Author: Bennie George
by Bennie George
Posted: Jul 06, 2018

Researchers from institutions such as the University of São Paulo have developed a new indexing model that can provide relevant information for the prognosis of cancer patients, and can also professionally guide cancer patients to apply more appropriate therapies for treatment. Furthermore, it can identify the target for the development of new drugs. The researchers used artificial intelligence algorithms to analyze the genomic data of 12,000 samples from 33 different types of tumors, clarifying the molecular mechanisms of cancer progression. Related results being published on the journal of CELL.

Houtan Noushmehr, one of the researchers said that the methodology used in this study is part of a new trend in biomedical research that aims to take advantage of a large amount of molecular biology data to help scientists conduct in-depth research. However, the current challenge researchers have to face is how to manage, interpret, and analyze different types of data, which will require effectively integrate biology, computer science, and statistics.

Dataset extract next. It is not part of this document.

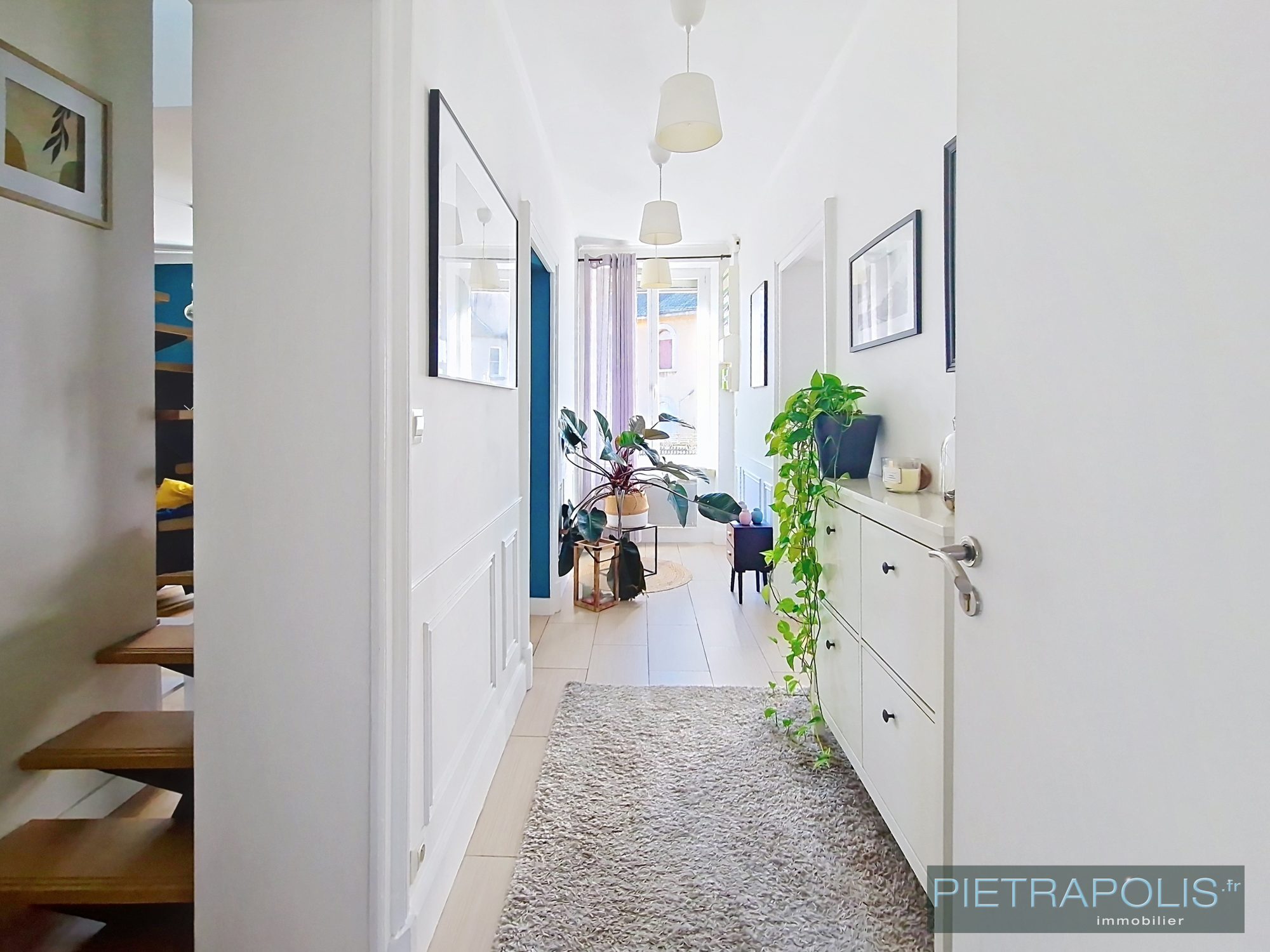 Tarare, Appartement en duplex d'environ 80m² au 2e étage/2 d’une petite copropriété comprenant une entrée, une cuisine ouverte sur salon-séjour, 2 grandes chambres, une salle de bains, un wc.

In previous studies, researchers identified important genomic features of brain tumors through research. The researchers believe that the development of this new indexing model is expected to be used as an assistive method in clinical research to help researchers target different patients and tumor types in order to choose the most appropriate therapy. At present, it is generally believed that the growth tumors that are transformed by healthy cells include the following two characteristics: (1) the cells will lack the characteristics they possess, and breeding in a disorderly manner; (2) this process can also be considered as a specialized deficiency, and tumor cells will gradually differentiate. In general, cancer stem cell subpopulations will drive the growth of tumors, the "stemness indices" proposed by the researchers can provide a measurement method to indicate how many tumor cells will be the same as stem cells.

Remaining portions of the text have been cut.